■ PROVIDED RECORDS
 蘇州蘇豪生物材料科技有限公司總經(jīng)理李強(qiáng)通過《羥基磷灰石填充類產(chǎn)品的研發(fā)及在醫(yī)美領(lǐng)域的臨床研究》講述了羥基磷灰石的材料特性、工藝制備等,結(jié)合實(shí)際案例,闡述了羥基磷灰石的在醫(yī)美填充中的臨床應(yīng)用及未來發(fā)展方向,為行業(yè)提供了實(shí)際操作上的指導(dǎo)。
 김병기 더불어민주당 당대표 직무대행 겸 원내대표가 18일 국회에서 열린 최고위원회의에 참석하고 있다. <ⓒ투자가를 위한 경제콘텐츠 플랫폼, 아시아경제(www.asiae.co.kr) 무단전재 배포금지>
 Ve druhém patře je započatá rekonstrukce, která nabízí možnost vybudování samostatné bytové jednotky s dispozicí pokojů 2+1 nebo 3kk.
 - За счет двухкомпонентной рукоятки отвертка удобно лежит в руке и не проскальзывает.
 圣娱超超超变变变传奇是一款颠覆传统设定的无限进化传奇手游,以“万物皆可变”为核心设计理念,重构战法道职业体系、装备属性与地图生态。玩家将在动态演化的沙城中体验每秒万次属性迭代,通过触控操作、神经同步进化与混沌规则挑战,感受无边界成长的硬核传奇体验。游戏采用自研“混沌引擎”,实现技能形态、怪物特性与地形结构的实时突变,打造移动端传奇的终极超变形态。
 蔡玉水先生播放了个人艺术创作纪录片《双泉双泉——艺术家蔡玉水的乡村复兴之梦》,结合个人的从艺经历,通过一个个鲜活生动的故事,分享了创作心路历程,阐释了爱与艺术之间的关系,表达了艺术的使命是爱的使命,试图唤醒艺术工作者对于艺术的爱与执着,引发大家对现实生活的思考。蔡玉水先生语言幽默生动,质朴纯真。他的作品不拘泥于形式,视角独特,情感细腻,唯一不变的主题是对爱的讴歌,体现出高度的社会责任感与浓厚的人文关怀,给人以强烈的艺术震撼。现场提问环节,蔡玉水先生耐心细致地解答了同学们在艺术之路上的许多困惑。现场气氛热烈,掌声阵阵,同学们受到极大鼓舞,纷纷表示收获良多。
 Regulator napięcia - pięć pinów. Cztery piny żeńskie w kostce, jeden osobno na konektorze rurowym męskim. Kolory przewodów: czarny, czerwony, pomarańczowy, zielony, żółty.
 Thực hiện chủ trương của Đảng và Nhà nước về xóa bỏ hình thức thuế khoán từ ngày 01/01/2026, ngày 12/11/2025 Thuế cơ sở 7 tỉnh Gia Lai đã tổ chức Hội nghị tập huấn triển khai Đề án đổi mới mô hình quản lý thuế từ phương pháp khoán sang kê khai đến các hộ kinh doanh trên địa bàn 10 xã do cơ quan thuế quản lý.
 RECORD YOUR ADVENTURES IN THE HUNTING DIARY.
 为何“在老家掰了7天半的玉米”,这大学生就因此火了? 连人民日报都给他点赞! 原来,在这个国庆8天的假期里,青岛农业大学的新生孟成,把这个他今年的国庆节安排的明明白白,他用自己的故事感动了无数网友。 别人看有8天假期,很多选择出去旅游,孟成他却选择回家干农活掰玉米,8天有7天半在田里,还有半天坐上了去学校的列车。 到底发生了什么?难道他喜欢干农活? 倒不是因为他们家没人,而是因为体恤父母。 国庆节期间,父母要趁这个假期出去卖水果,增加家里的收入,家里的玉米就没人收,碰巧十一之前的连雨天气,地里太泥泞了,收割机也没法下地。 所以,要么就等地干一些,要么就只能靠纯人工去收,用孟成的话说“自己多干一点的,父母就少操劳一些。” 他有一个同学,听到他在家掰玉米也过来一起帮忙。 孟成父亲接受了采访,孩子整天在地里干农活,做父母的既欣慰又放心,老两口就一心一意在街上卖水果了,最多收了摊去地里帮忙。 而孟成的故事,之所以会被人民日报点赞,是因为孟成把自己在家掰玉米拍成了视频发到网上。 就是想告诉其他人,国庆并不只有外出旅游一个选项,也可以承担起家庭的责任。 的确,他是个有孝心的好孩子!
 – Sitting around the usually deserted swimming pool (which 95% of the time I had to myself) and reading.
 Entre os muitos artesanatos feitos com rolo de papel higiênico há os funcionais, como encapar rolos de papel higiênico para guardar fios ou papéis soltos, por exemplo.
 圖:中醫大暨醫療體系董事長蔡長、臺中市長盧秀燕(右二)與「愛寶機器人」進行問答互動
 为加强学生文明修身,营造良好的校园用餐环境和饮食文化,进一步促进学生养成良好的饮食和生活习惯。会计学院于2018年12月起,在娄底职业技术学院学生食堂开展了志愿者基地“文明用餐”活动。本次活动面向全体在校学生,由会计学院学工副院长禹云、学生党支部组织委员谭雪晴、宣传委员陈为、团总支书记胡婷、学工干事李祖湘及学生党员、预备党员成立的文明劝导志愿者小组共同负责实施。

■ TO DO
Proceeding from the line containing "Ve druhém patře" through the line containing "RECORD YOUR ADVENTURES IN THE HUNTING DIARY.", transcribe the lines above exactly, both end lines included.

■ EXERCISE ANSWER
 Ve druhém patře je započatá rekonstrukce, která nabízí možnost vybudování samostatné bytové jednotky s dispozicí pokojů 2+1 nebo 3kk.
 - За счет двухкомпонентной рукоятки отвертка удобно лежит в руке и не проскальзывает.
 圣娱超超超变变变传奇是一款颠覆传统设定的无限进化传奇手游,以“万物皆可变”为核心设计理念,重构战法道职业体系、装备属性与地图生态。玩家将在动态演化的沙城中体验每秒万次属性迭代,通过触控操作、神经同步进化与混沌规则挑战,感受无边界成长的硬核传奇体验。游戏采用自研“混沌引擎”,实现技能形态、怪物特性与地形结构的实时突变,打造移动端传奇的终极超变形态。
 蔡玉水先生播放了个人艺术创作纪录片《双泉双泉——艺术家蔡玉水的乡村复兴之梦》,结合个人的从艺经历,通过一个个鲜活生动的故事,分享了创作心路历程,阐释了爱与艺术之间的关系,表达了艺术的使命是爱的使命,试图唤醒艺术工作者对于艺术的爱与执着,引发大家对现实生活的思考。蔡玉水先生语言幽默生动,质朴纯真。他的作品不拘泥于形式,视角独特,情感细腻,唯一不变的主题是对爱的讴歌,体现出高度的社会责任感与浓厚的人文关怀,给人以强烈的艺术震撼。现场提问环节,蔡玉水先生耐心细致地解答了同学们在艺术之路上的许多困惑。现场气氛热烈,掌声阵阵,同学们受到极大鼓舞,纷纷表示收获良多。
 Regulator napięcia - pięć pinów. Cztery piny żeńskie w kostce, jeden osobno na konektorze rurowym męskim. Kolory przewodów: czarny, czerwony, pomarańczowy, zielony, żółty.
 Thực hiện chủ trương của Đảng và Nhà nước về xóa bỏ hình thức thuế khoán từ ngày 01/01/2026, ngày 12/11/2025 Thuế cơ sở 7 tỉnh Gia Lai đã tổ chức Hội nghị tập huấn triển khai Đề án đổi mới mô hình quản lý thuế từ phương pháp khoán sang kê khai đến các hộ kinh doanh trên địa bàn 10 xã do cơ quan thuế quản lý.
 RECORD YOUR ADVENTURES IN THE HUNTING DIARY.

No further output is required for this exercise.